Another customer, whose wife ships large quantities of perishable medical supplies, noted that FedEx’s “legendary reliability collapsed in the last few years. She thought it was caused by COVID, and they never really recovered. It turns out FedEx has been Indianized. For example, NBC News reported that by 2021, the FedEx Indianapolis ground facility was staffed by 90% Indian Sikhs.”

The problems extend beyond simple delivery failures. One former customer reported that her account was repeatedly hacked to send items to India, an issue that took weeks to resolve. “Deleted my account and all info within it. Scammers,” she concluded.

This erosion of trust has fundamentally damaged the company’s standing in the logistics industry. “All my biggest freight forwarders now refuse FedEx on sight,” a person working in a related field shared.

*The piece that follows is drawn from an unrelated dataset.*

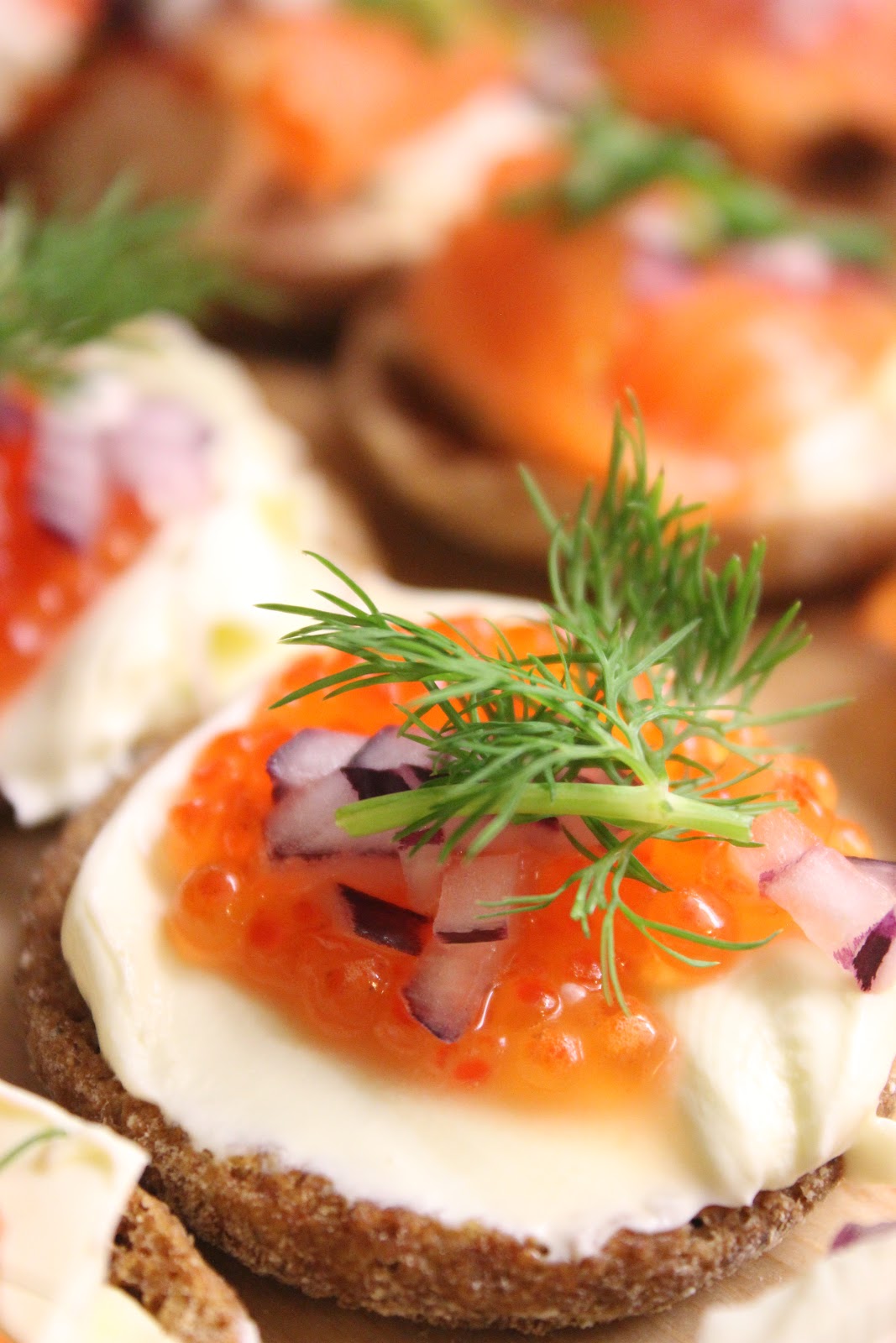 Nämä pienet naposteltavat sopivat omaksi ateriakseen kuten meillä joulupäivänä, mutta myös viimeisten jouluherkkujen jämien rääppimiseen välipäivinä. Ne toimivat myös nopeana vierastarjottavana, jos ovikello sattuu välipäivinä soimaan tai jos uudeksi vuodeksi kaipaa suolaista kuohuvan pariksi.

The ultimate verdict is now being delivered by everyday consumers. A decade ago, the FedEx brand was a mark of quality that influenced purchasing decisions. Today, that perception has completely inverted. “Ten years ago FedEx was SO much better than UPS and USPS that I would choose sellers specifically because they used FedEx,” one user wrote. “Now, that’s flipped. FedEx became so unreliable that I recoil from sellers who show FedEx options, and I try to find one that uses UPS or USPS instead.”

Conclusion

The story of FedEx’s decline and Collierville’s transformation is a microcosm of a quiet crisis that has been unfolding across the United States for decades, though it has accelerated greatly in the past five years. What began with a change in leadership from founder Fred Smith to CEO Raj Subramaniam has culminated in a vote of no confidence from its pilots, an exodus of loyal customers, and a community in the heart of Tennessee that is now unrecognizable to its lifelong residents. The implementation of the DRIVE program, the consolidation of power under consulting firms like Accenture, and the systematic replacement of a veteran American workforce with an offshore and H-1B-fueled model have, by all accounts, hollowed out a once-great American institution from the inside.